NEW DELHI: The Islamic State came to acquire international prominence because of its advance into Iraq, with the militants having captured the important cities of Mosul, Tikrit and Tal Afar. United States President Barack Obama outlined a strategy of airstrikes against the militants, who are currently waging a battle in Iraq’s Anbar province, having advanced as far as Abu Ghraib, a town that is effectively a suburb of Baghdad.

Although the US maintains that it is "also focused on the fighting that is taking place in Iraq's Anbar province,” the battle for the Turkish-Syrian border town of Kobane is clearly the focus of the US campaign.

In the last three days, 53 of the 54 airstrikes in Syria have been around Kobane. The latest wave was of 14 airstrikes announced on Thursday morning. In contrast, airstrikes in Iraq have been decreasing.

This infographic in the Washington Post shows the raw numbers of airstrikes in both Iraq and Syria since September 23, the day the US started bombing Syria.

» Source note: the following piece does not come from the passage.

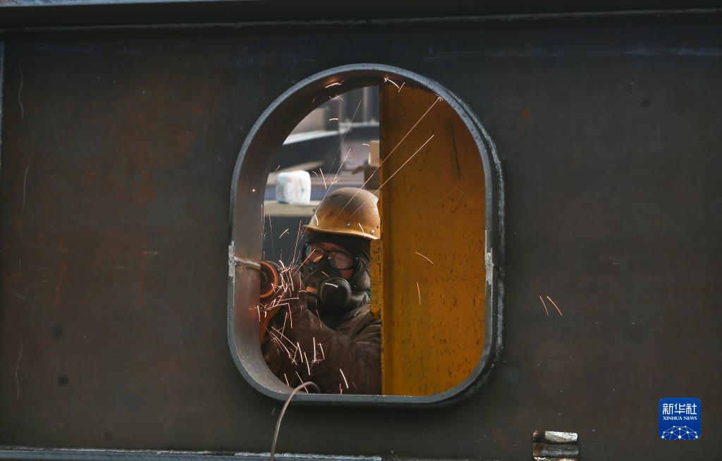 2月23日,工人在阜新市彰武縣華洲重工股份有限公司生產車間內工作。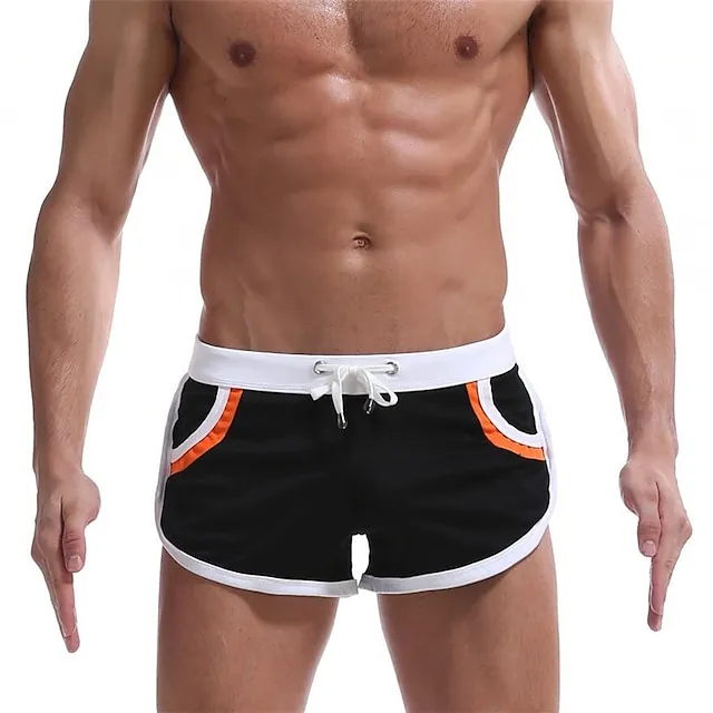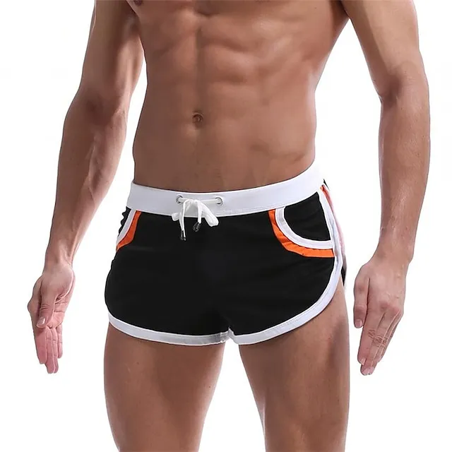 Men’s Running Shorts Athletic Shorts Drawstring Stripe-Trim Bottoms Athletic Athleisure Breathable Soft Quick Dry Fitness Gym Workout Marathon Sportswear Activewear Stripes Black / Orange Black White

Source: The Washington Post

The US-led coalition maintains that the airstrikes in Kobane have helped Kurdish fighters push back the Islamic State, however, "the security situation on the ground in Kobane remains tenuous," the US defence department said in a statement on Thursday.

Further, the BBC reported that Syrian fighters backed by the US have indicated that the US-led coalition faces a backlash in Syria owing to its bombing campaign. Reports of civilian deaths resulting from airstrikes have brought people out on the streets in protest.


Whilst the US maintains that no civilians have been killed, reports from the ground differ. Earlier in September, a video emerged that showed residents walking through their destroyed homes following a US airstrike, with the narrator of the video being heard saying, ‘“mass destruction of the civilian homes as a result of the strikes of the Western alliance on the civilians in the western Idlib suburbs… Look, it is all civilian homes.”

The Syrian Observatory for Human Rights has reported civilian casualties on several occasions. AP quoted the organisation’s director, Rami Abdurrahman, on the casualties of a US airstrike a few weeks ago, saying, “They killed only civilians there, workers at the site. There was no ISIS inside.” The comment had referred to a strike that hit grain silos in the northern Syrian town of Manbij, which, as Reuters reported, may have been mistaken for an Islamic State base.

In another incident, on September 23 when the US first bombed Syria, at least seven civilians, including five children, were killed in the village of Kafr Deryan in northern Idlib province. "Witness accounts suggest that the attack on the village harmed civilians but did not strike a military target, violating the laws of war by failing to discriminate between combatants and civilians, or that it unlawfully caused civilian loss disproportionate to the expected military advantage," Human Rights Watch had said in a statement.

In fact, at the end of September, the White House acknowledged that the strict standards President Obama imposed last year to prevent civilian deaths from US drone strikes will not apply to US operations in Syria and Iraq.

As The Citizen previously reported, Islamic State militants have continued their advance in Syria and Iraq, despite the US stepping up airstrikes. That fact, along with the alienating impact of airstrikes, should be a cause for concern as the international community continues to grapple with the advance of the Islamic State.